::: Task inputs :::
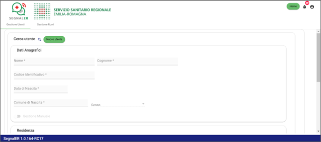 Dopo aver premuto il pulsante Gestione Utenti nella schermata delle funzioni amministrative, l’utente si trova in una schermata che presenta due sezioni:
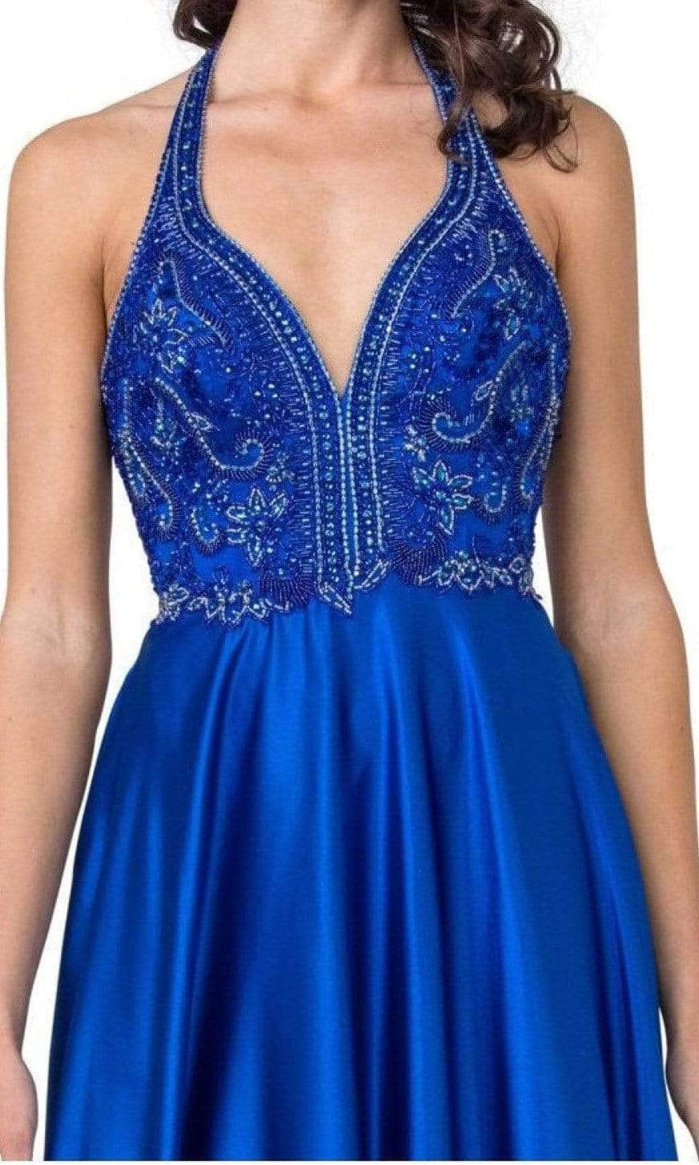 Trevi Collection - L2405 Ornate Plunging Halter Satin Dress
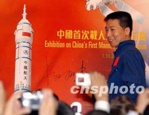 楊利偉表示,來到美麗的香港,一直感受到中華民族大家庭的溫暖,他對能和香港同胞通過展覽一起回顧中國載人航天飛行的光榮歷程感到榮幸。他還被邀請?jiān)谝蝗硕喔叩拇笮驼褂[海報(bào)上簽名。這個(gè)海報(bào)將在本展覽期間向市民展出,然后將為香港科學(xué)館收藏。
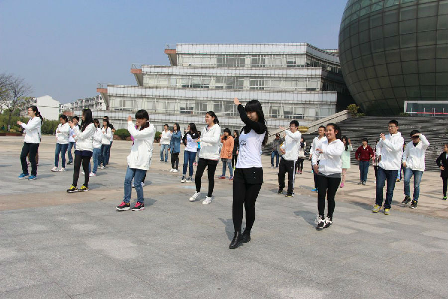 2015年4月14日上午10时,哔咔漫画 信管1301班和计算机1303班同学相约在我校图书馆前广场,开展主题团日活动,随《小苹果》的伴奏跳起了国标版“小苹果”健身操,欢快的节奏、动感的舞步与蓝天白云交相辉映,学子们动作优美,神采飞扬!
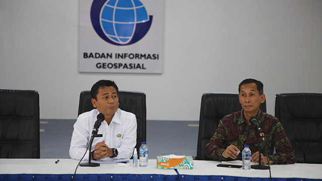 Kepala BIG Muh Aris Marfai (kiri) dalam media gathering capaian BIG di kantor BIG, Cibinong, Bogor. Foto: BIG
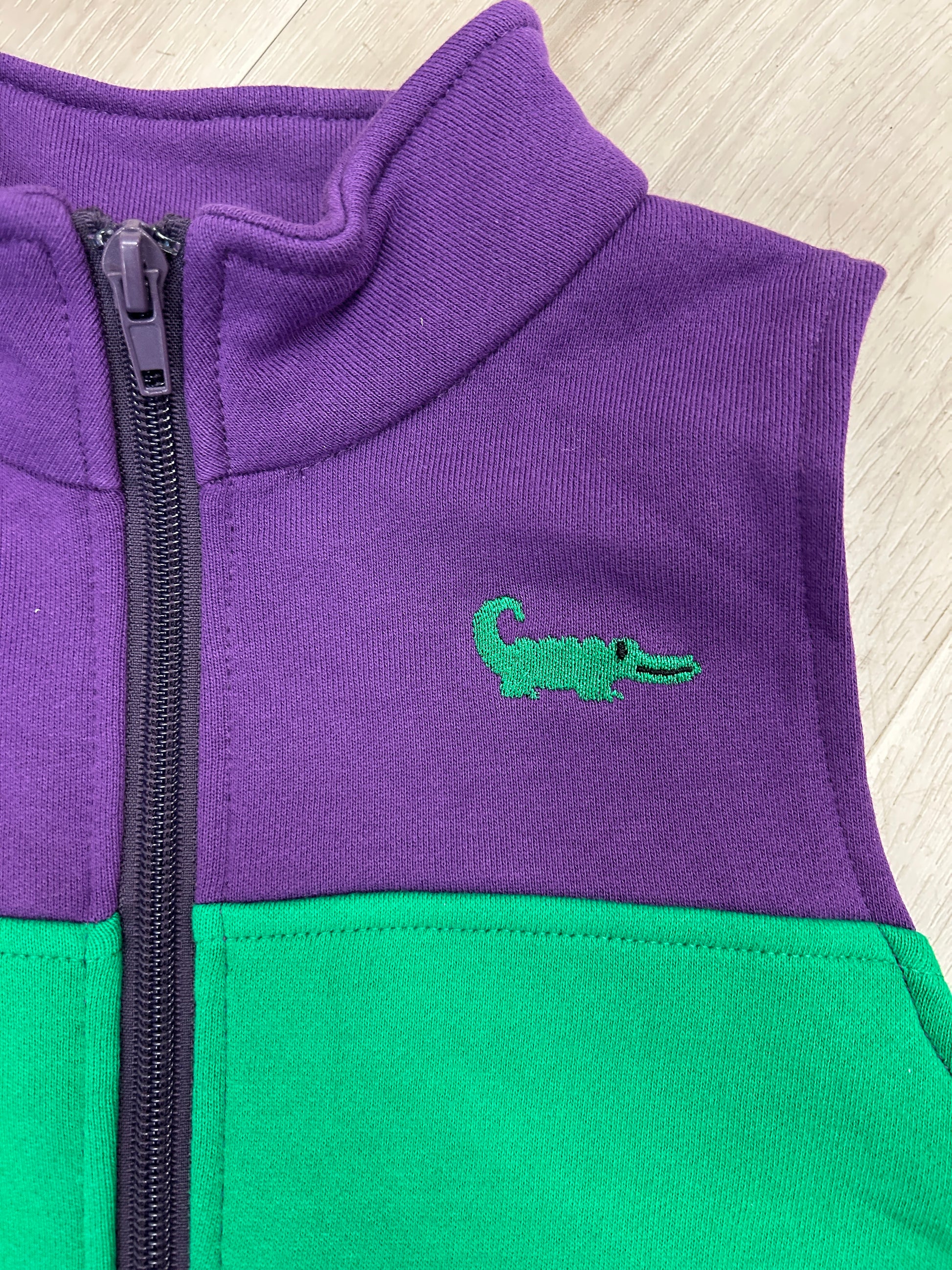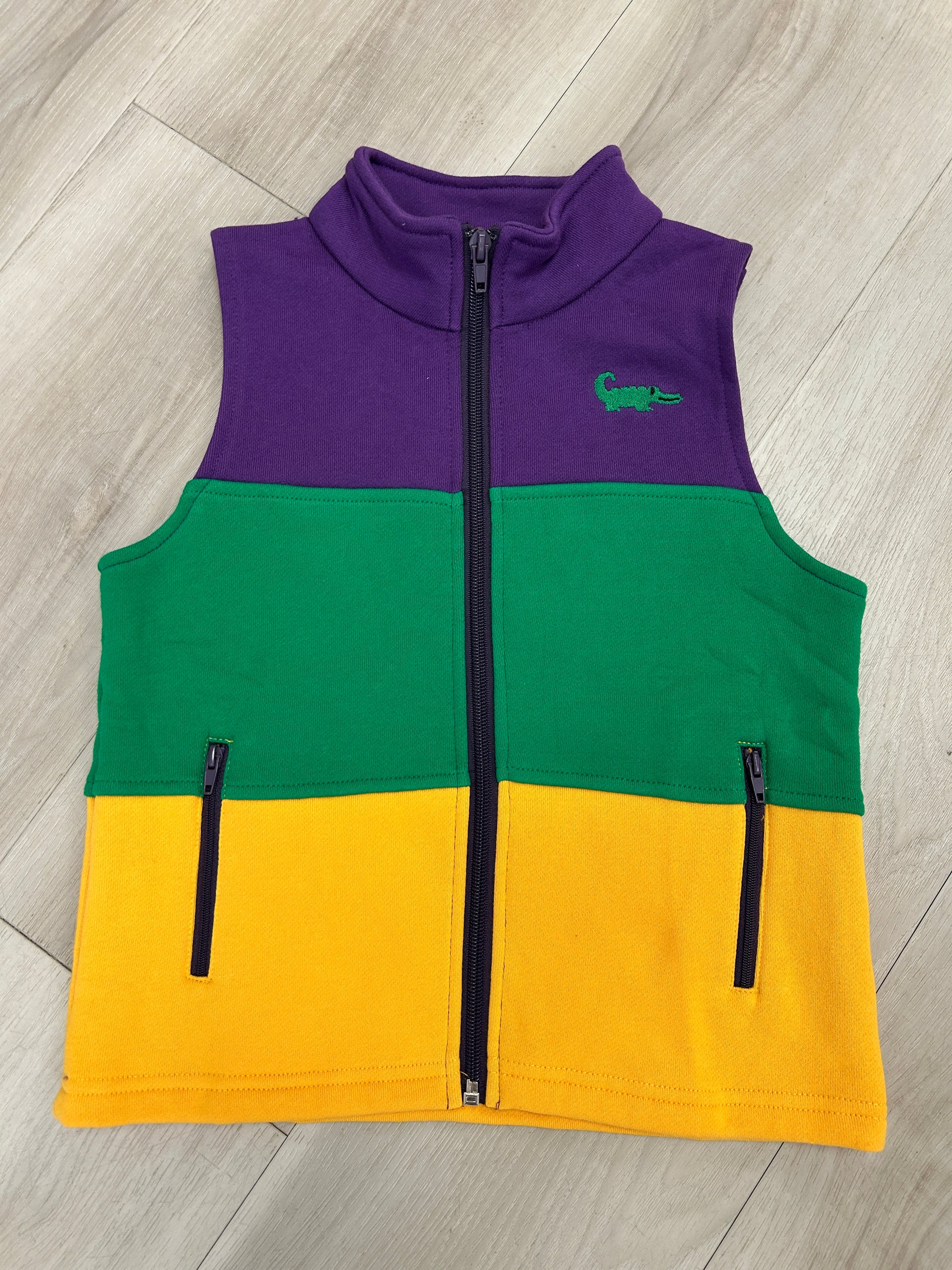 Bring the festive spirit of Mardi Gras to life with this vibrant vest designed just for kids! Featuring the iconic colors of the season, this Lulu Bebe vest lets your little ones celebrate in style. Perfect for parades, parties, or holiday photos, it's the ideal way to get them excited about the festivities. Comfortable, colorful, and full of fun—your child will love showing off their Mardi Gras spirit!
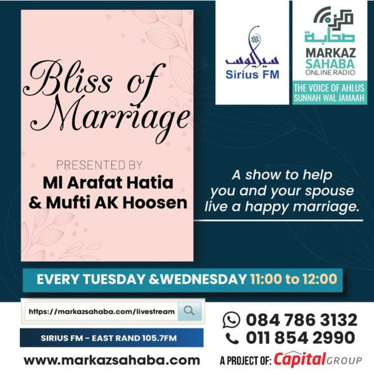 Tune to Bliss of Marriage every Tuesday & Wednesday from 11am - 12pm. A show to help you and your spouse to live a happy marriage Listen Live - https://ndstream.net/markazsahaba/pc.htm https://radio.garden/listen/markaz-sahaba/DkHOTqbS
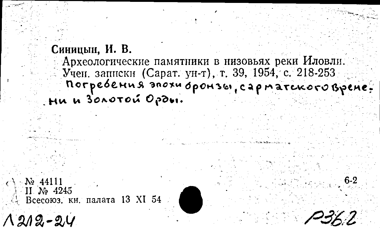 Книга (аналит. описание): Археологические памятники в низовьях реки Иловли
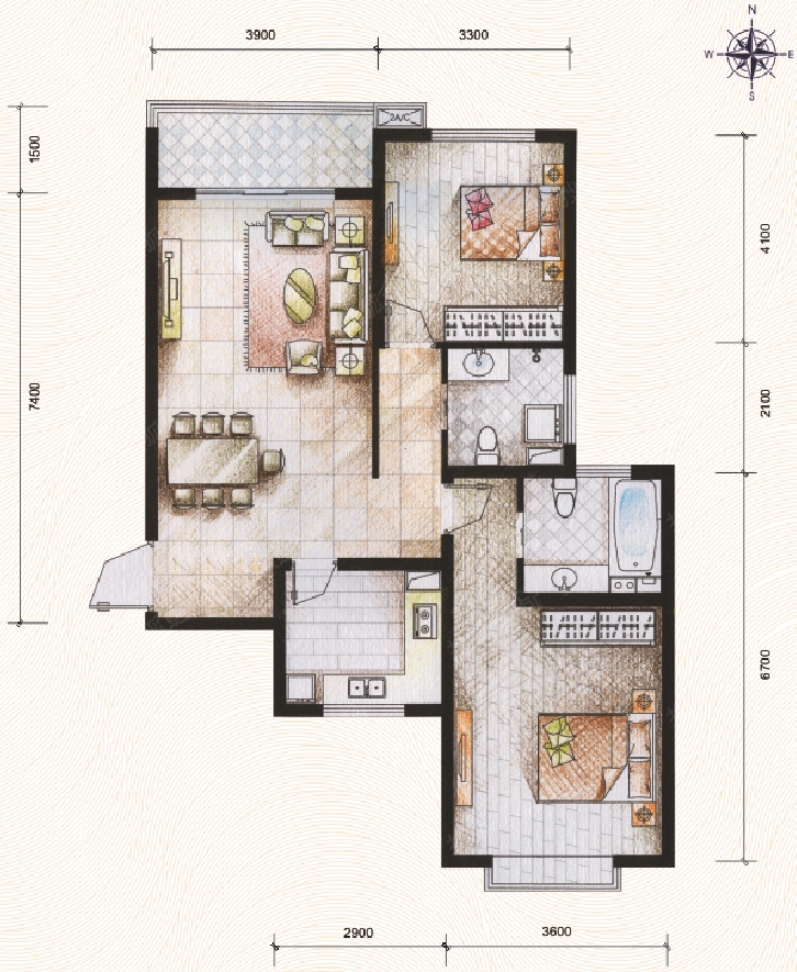 2室2厅2卫-C
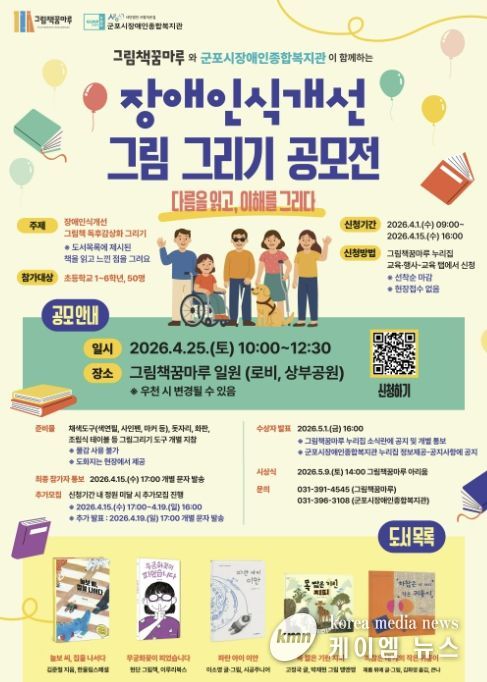 (케이엠뉴스) 군포 그림책꿈마루와 군포시장애인종합복지관이 공동 주관하는 장애인식 개선 그림그리기 공모전이 오는 4월 25일(토) 10시부터 그림책꿈마루 로비 및 상부공원에서 진행될 예정이다.
:::
• Exercise
Your answer should consist of the lines above between those holding "楊利偉表示,來到美麗的香港,一直感受到中" and "Bring the festive", inclusive, reproduced word for word and without pictures.

• Task solution
 楊利偉表示,來到美麗的香港,一直感受到中華民族大家庭的溫暖,他對能和香港同胞通過展覽一起回顧中國載人航天飛行的光榮歷程感到榮幸。他還被邀請?jiān)谝蝗硕喔叩拇笮驼褂[海報(bào)上簽名。這個(gè)海報(bào)將在本展覽期間向市民展出,然后將為香港科學(xué)館收藏。
 2015年4月14日上午10时,哔咔漫画 信管1301班和计算机1303班同学相约在我校图书馆前广场,开展主题团日活动,随《小苹果》的伴奏跳起了国标版“小苹果”健身操,欢快的节奏、动感的舞步与蓝天白云交相辉映,学子们动作优美,神采飞扬!
 Kepala BIG Muh Aris Marfai (kiri) dalam media gathering capaian BIG di kantor BIG, Cibinong, Bogor. Foto: BIG
 Bring the festive spirit of Mardi Gras to life with this vibrant vest designed just for kids! Featuring the iconic colors of the season, this Lulu Bebe vest lets your little ones celebrate in style. Perfect for parades, parties, or holiday photos, it's the ideal way to get them excited about the festivities. Comfortable, colorful, and full of fun—your child will love showing off their Mardi Gras spirit!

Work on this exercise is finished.